Segment Start: Recorded data

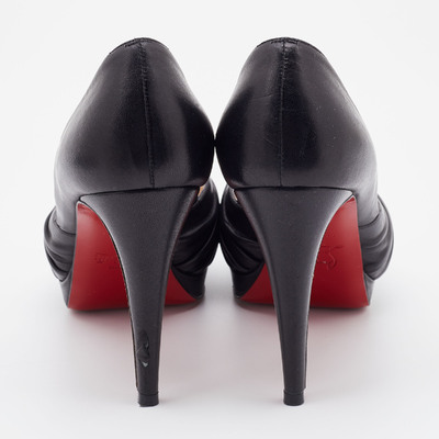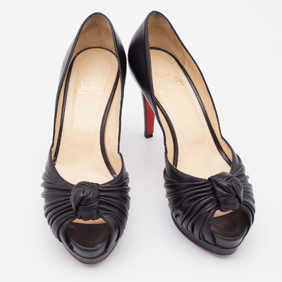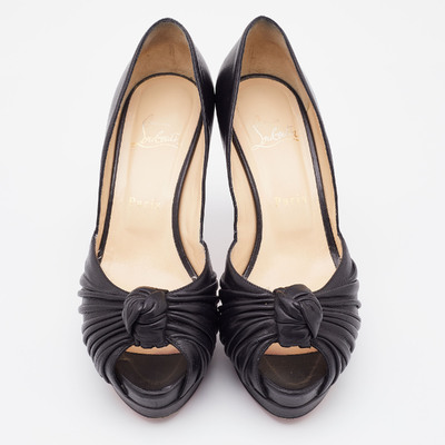 Christian Louboutin Black Leather Jenny Knot Peep Toe Platform Pumps Size 37.5 730113 (чёрный, lpn20387937)
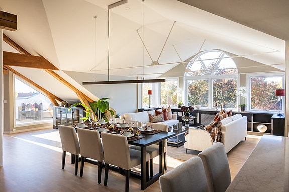 Særdeles lys og eksklusiv toppleilighet med vestvendt terrasse og heisadkomst (heis benyttes kun av 4. og 5. etg). Leiligheten gjennomgikk omfattende oppussing i 2024 og er betydelig påkostet med kvalitetsmaterialer.
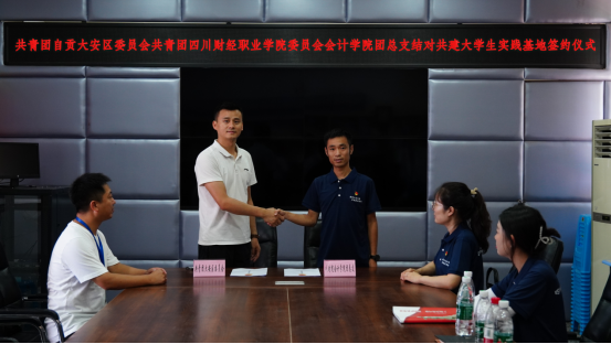 最后举行了共青团自贡市大安区委员会与共青团7790cnm必发集团委员会会计学院团总支结对共建大学生实践基地签约仪式,通过结对共建,充分利用双方所拥有的教育资源,加强对大学生进行思想引领,把红色革命文化溶入大学生的血液里,汇集起建设社会主义现代化强国的青春力量。
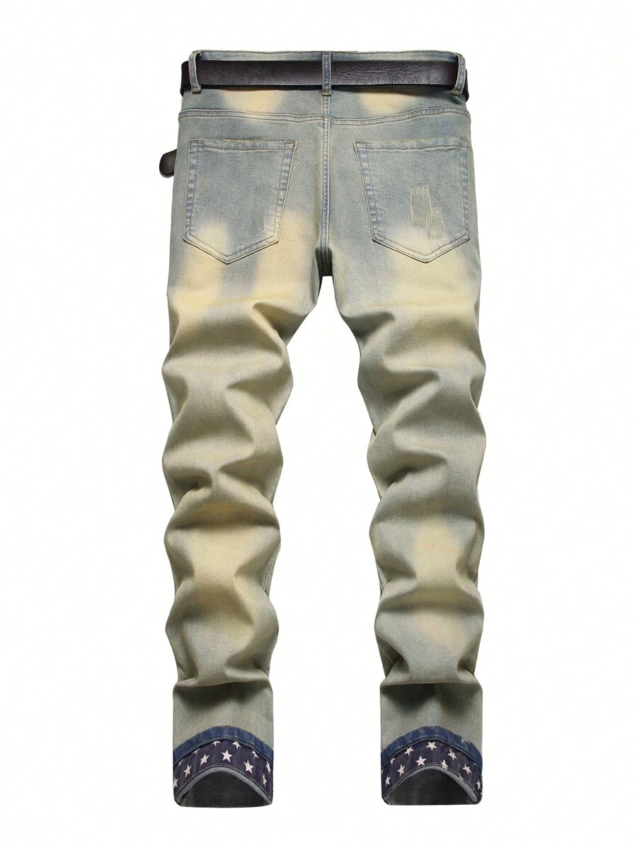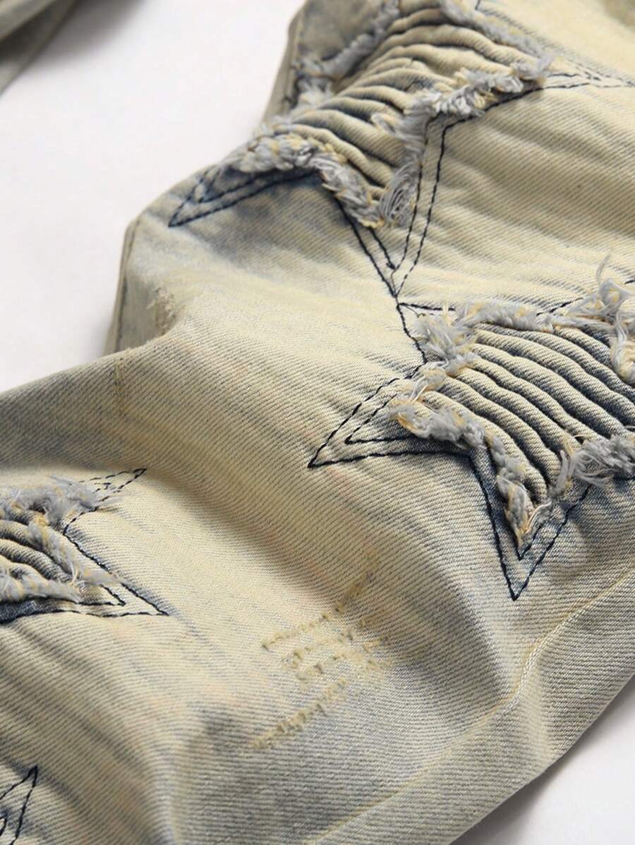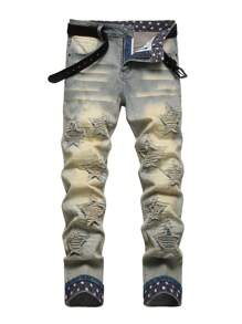 Jeans sans ceinture pour hommes avec broderie d'ailes et lavage au javel
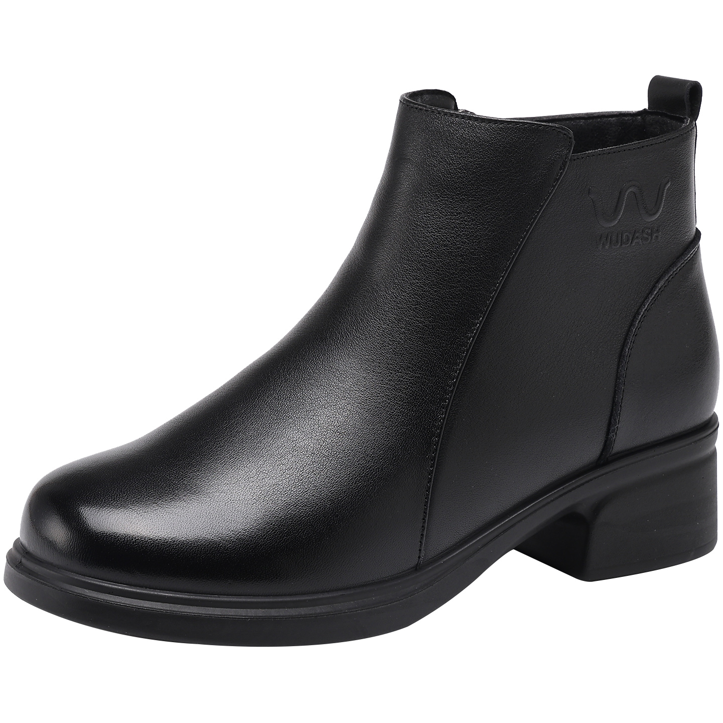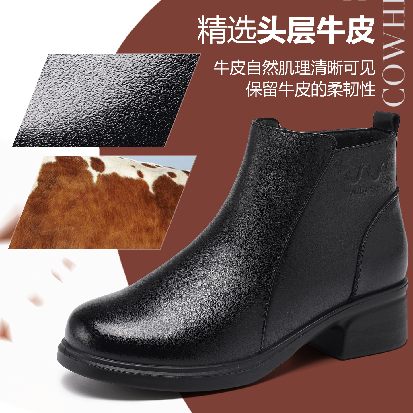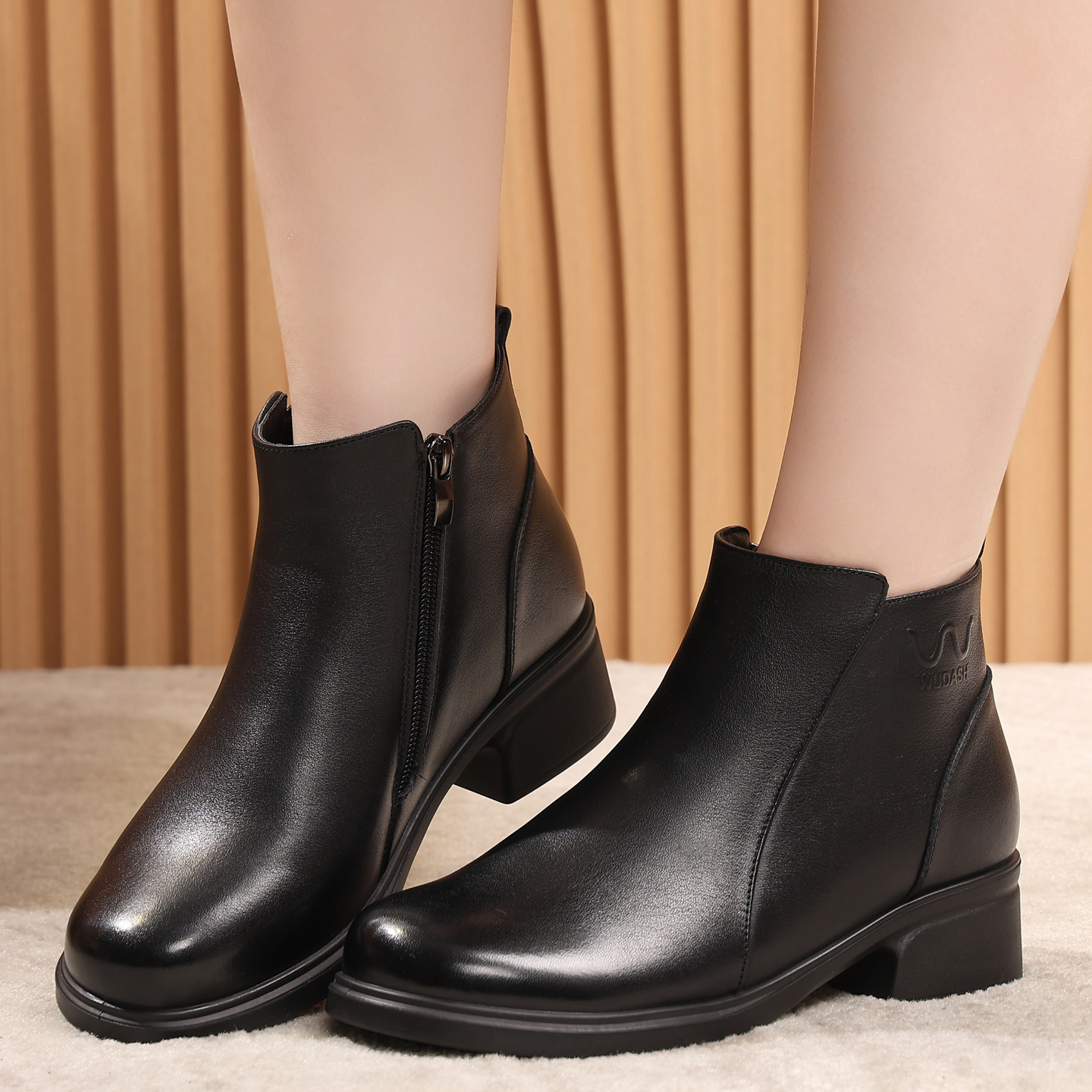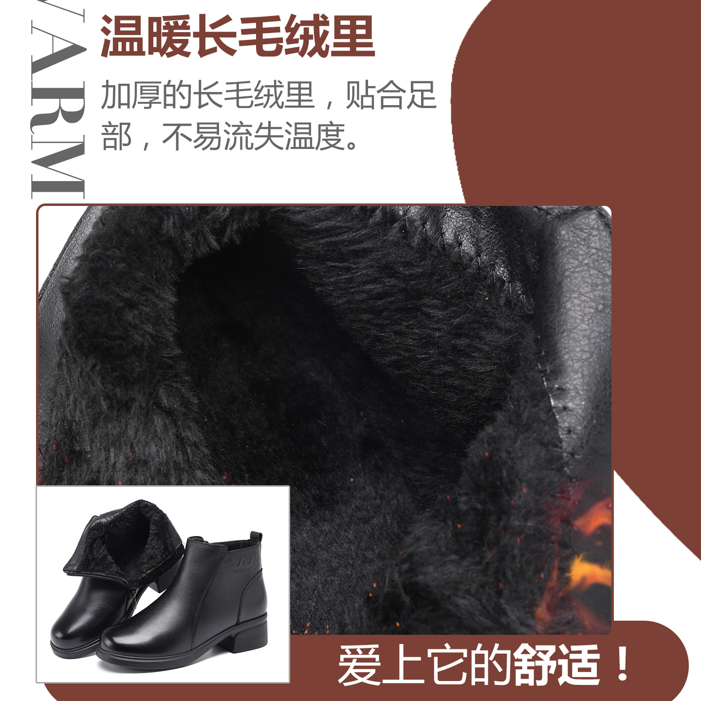 妈妈女士棉鞋真皮软底短靴冬季加绒保暖粗跟靴子中年防滑中跟女靴

Segment End: Recorded data

Exercise brief: Copy every record exactly, but skip the pictures.

Written reply:
 Christian Louboutin Black Leather Jenny Knot Peep Toe Platform Pumps Size 37.5 730113 (чёрный, lpn20387937)
 Særdeles lys og eksklusiv toppleilighet med vestvendt terrasse og heisadkomst (heis benyttes kun av 4. og 5. etg). Leiligheten gjennomgikk omfattende oppussing i 2024 og er betydelig påkostet med kvalitetsmaterialer.
 最后举行了共青团自贡市大安区委员会与共青团7790cnm必发集团委员会会计学院团总支结对共建大学生实践基地签约仪式,通过结对共建,充分利用双方所拥有的教育资源,加强对大学生进行思想引领,把红色革命文化溶入大学生的血液里,汇集起建设社会主义现代化强国的青春力量。
 Jeans sans ceinture pour hommes avec broderie d'ailes et lavage au javel
 妈妈女士棉鞋真皮软底短靴冬季加绒保暖粗跟靴子中年防滑中跟女靴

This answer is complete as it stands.